The belly does look a little big, but not too big where I would worry if it just ate.

What size is it and how big of a tank is it, what other fish are in with it, what and how often do you feed it, and what are your husbandry practices?


----------



## Innes (Jan 13, 2003)

although I'm not too familiar with pike cichlids, to me it looks like a female, and not a male, I think this because of its dorsal and anal fins.

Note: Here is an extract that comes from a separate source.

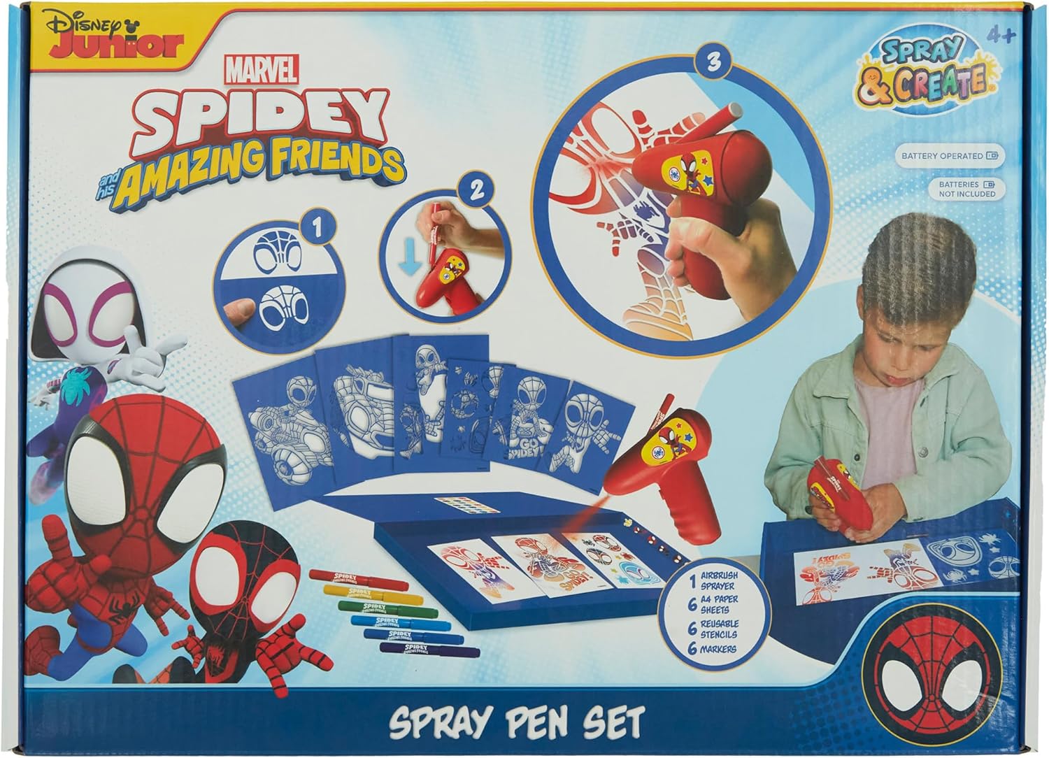 Set da 19 pezzi con penna spray a cartuccia: questo set di penne spray Spidey è composto da 19 pezzi: 1 aerografo spray, 6 matite colorate e 6 diversi stencil e 6 fogli A4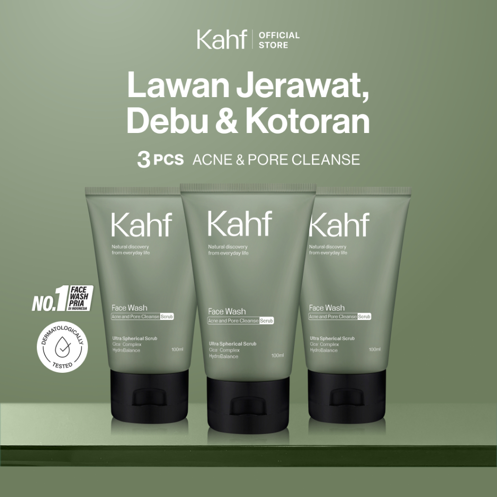 [KAHF BUNDLE 3IN1 PAKET FACIAL WASH - WAJAH GLOWING, CERAH, JERAWAT HILANG, BEBAS MINYAK, ANTI KUSAM] Triple Pack Face W

as for its stomich, I couldn't say as it could have just ate a lot


----------



## rday (Mar 10, 2003)

In a 125 gallon its 2 Oscars, 3 Firemouths, 3 Gourami and 5 pikes. My plan was to see if I could get 2 of the pikes to pair and then sell the other 3 once everyone started getting big. I was told that it is extremely difficult to get pikes to breed in captivity, so I was just figuring on keeping the two that had the best color... Anyway, the pikes range from about 4" to 6" and this one is either the biggest or the 2nd biggest. I have not been doing anything to encourage breeding, because I have just set up the tank about a month ago and I've just been working on getting the water perfect and everything. As far as feeding, this pic was taken a good 4 hours after the last feeding which was not all that big. I feed staple pellets twice a day and color pellets twice a day and some minnows once a week. If they do spawn, it will be one of the times where it has nothing to do with what I'm doing, they just did it themselves, because I haven't been doing anything special!


----------